Now suppose that PA proves $\neg(\square P\vee \square \neg P)$. Then PA proves $P\leftrightarrow (\neg\square P \wedge \bot)$. So PA proves $P \leftrightarrow \bot$. So PA proves $\neg P$. So PA proves $\square \neg P$. On the other hand, since PA proves $\neg(\square P \vee \square \neg P)$, PA proves $\neg \square \neg P$. So PA is inconsistent.

5. mkoconnor says:

It occurred to me that the fact that $\neg\square P \wedge (\square P \vee \square\neg P)$ is a sentence whose decidability is undecidable in PA is actually not at all remarkable: every sentence which is undecidable in PA is such that its decidability is undecidable in PA, since for PA to prove a sentence is undecidable in PA, it would have to prove that it can’t prove something, which is equivalent to it proving its consistency. So I will have to work a little harder to find a provability model of this.

6. TJ Shannon says:

Just stumbled on this webpage.

I thought the answer was to ask two questions to the Knight (or Knave) as follows:
“If I were to ask a member of the other tribe whether you were holding up one finger, what would his answer be?”

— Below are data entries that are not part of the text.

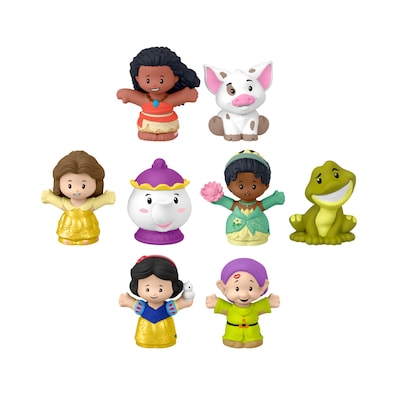 Young Disney fans can act out fun stories with their favorite Disney Princess characters with this adorable Little People Story Duos Figure Pack from Fisher-Price. This gift set features 8 Little People figures styled like Disney Princess characters and their best friends, including Moana and Pua, Belle and Mrs. Potts, Tiana and Naveen, and Snow White and Dopey. Kids will love imagining fun stories with these Disney Princess besties! Colors and decorations may vary.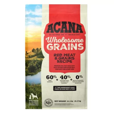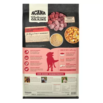 ACANA RED MEAT RECIPE WITH WHOLESOME GRAINS está formulada para cumplir con los niveles nutricionales establecidos por los perfiles de nutrientes de alimentos para perros de la AAFCO para todas las etapas de la vida, excepto para el crecimiento de perros de razas grandes (70 libras o más en la edad adulta).
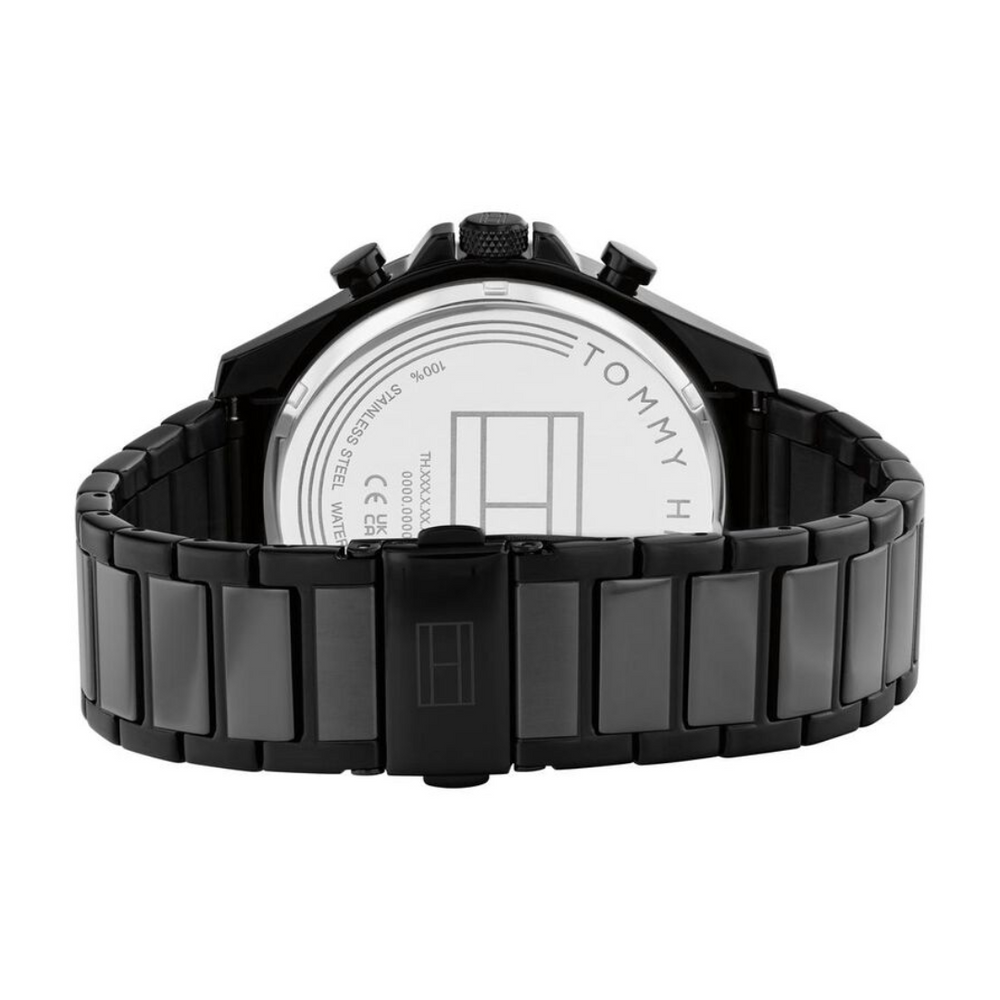 Impress all those in your vicinity with this men's analog watch from Tommy Hilfiger. Encased in a 46 mm case, the black round-shaped dial is attractive and features multifunction functionality for time adjustment. The watch works on a quartz multifunction movement. The stainless steel bracelet comes in a black hue that further elevates the look of the watch. Besides, it is water resistant up to 50 m m and is completed with a push button clasp to ensure a secure fit on the wrist.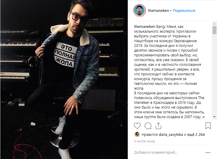 "Bang! Меня, как музыкального эксперта, пригласили выбрать участника от Украины в Нацотборе на конкурс Евровидение 2019. За последние дни я получил десятки звонков и писем с просьбой прокомментировать свой выбор, но, согласитесь, все уже сказано. В своей оценке, как и в честности голосования зрителей, я решительно уверен, а все, что происходит сейчас в контексте конкурса, прошу прощения за тавтологию мысли, но это - полная ж*па. В последние дни на некоторых сайтах появились обсуждения выступления The Maneken в Краснодаре в 2016 году. Да, оно было и мы этого не скрывали. В этом ключе мне хотелось бы напомнить, наша группа была создана в 2007 году, и в нее входили музыканты из России и Украины. Три года назад мы отказались полностью от гастрольной деятельности на территории РФ. Нацотбор в 2019-м вызвал немало громких обсуждений острых в обществе вопросов, а вместе с тем и спекуляций. Логичный вопрос - с каких пор песенный конкурс стал самой важной темой в Украине?", - написал музыкант.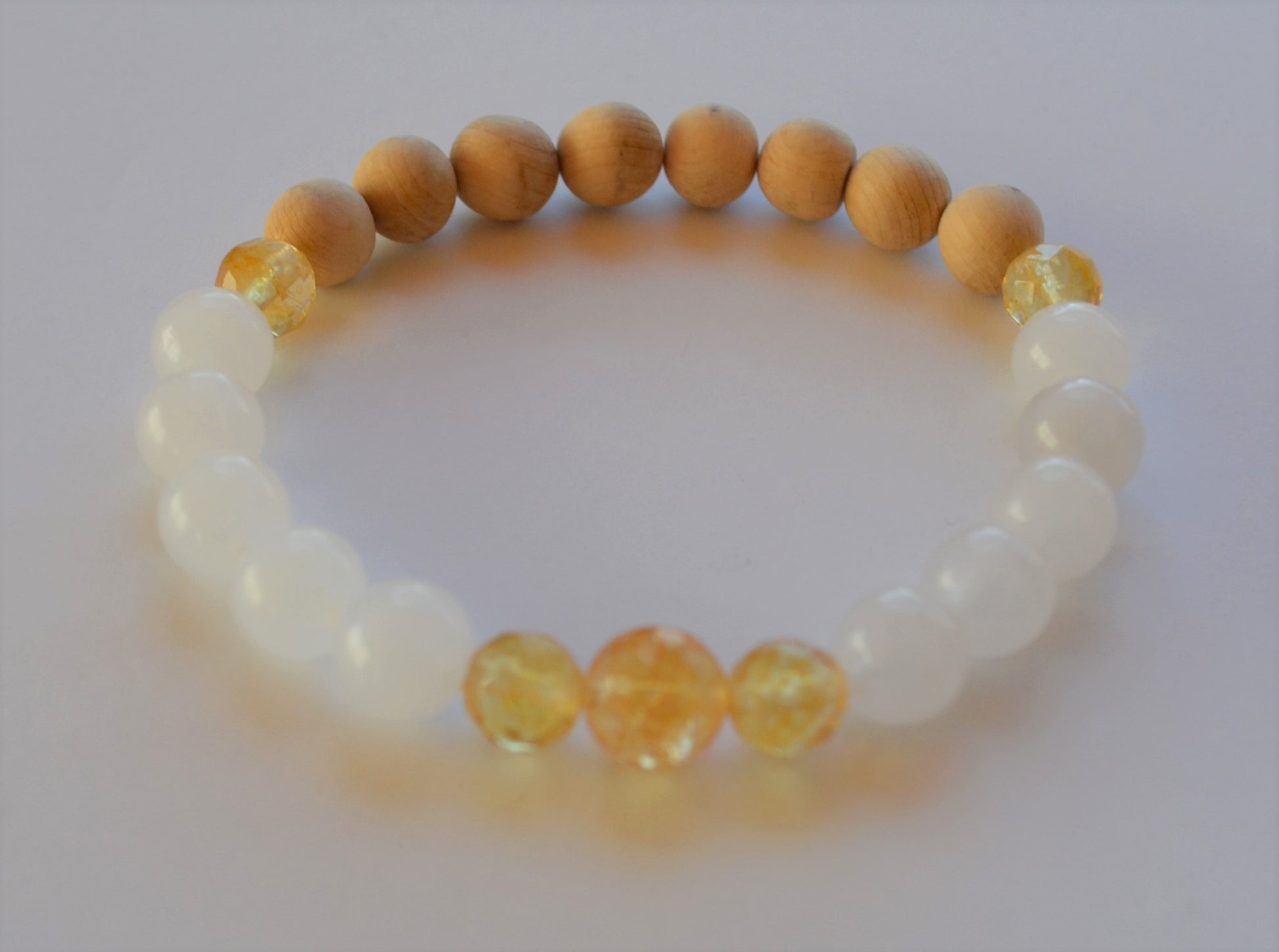 White Jade is known for it's purifying energy. It can remove negativity and cleanse the aura and mind. Citrine offers the renewing energy of the Sun. Wood to ground and to apply your favorite essential oils.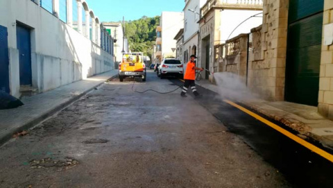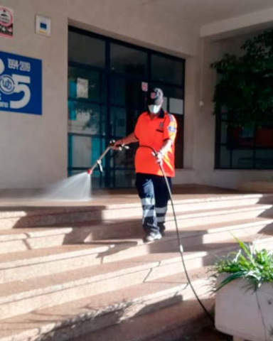 Aquest dijous els voluntaris de protecció civil han col·laborat amb l'Ajuntament de Felanitx desinfectant els voltants dels centres escolars del municipi.

If the inhabitant is actually holding up one finger, whether he is a Knight or a Knave the answer will be “No”, and you will know that he is holding up one finger. If the inhabitant is holding up instead two (or three) fingers, the answer would be “Yes”.
If he does answer “Yes’ then you must ask a second question, “If I were to ask a member of the other tribe whether you were holding up two fingers, what would his answer be”
Once again, if the inhabitant answers “No”, he actually is holding up two fingers; if instead he answers “Yes” again, you can then deduce that he is holding up three fingers.

The point being that a Knight will always give the hypothetical Knave’s lying response, and the Knave will always reverse the hypothetical Knight’s truthful response.

7. David says:

TJ, that has the same effect as the first solution given – you can only ascertain the answer to one of the three options at a time. Thus, you may need to ask two questions to work out how many fingers are being held up.

But with the exploding heads approach you only ever need to ask *one* question.

8. Richard says:
9. Rafno says:

“So we may actually extract an unbounded amount of information from a single yes-or-no question by choosing the question carefully and then observing how much of the universe is destroyed by our asking it.”

LOL!!!

10. JS says:

“”Consider what would happen if you asked a knight, “Will you answer `no’ to this question?”. If he is bound to answer the question, then he is in trouble, because no matter if he says “yes” or “no” he will have lied.””

This is not correct because you are only asking what his response to the question is. Assume the knight is holding up 1 finger and you ask “Will you answer ‘no’ if I ask you if you are holding one finger up?”
His response to THAT question would be “No(I will answer ‘yes'(when you ask that question))” and he would not have lied.
Ask the knight “Will you answer ‘no’ if I ask you if you are holding two fingers up?” he would respond “Yes(I WILL say ‘no’ (when you ask THAT question))”
By asking “What will your response to Q be?”, you are asking only that, and not question Q itself

11. Angela says:

If a question is asked that leads to a contradiction if a knave is being asked it, the probability that the inhabitant is a knave becomes 0 and two questions are required, as usual. Are there any questions which lead to a contradiction when asked to a knight and when asked to a knave?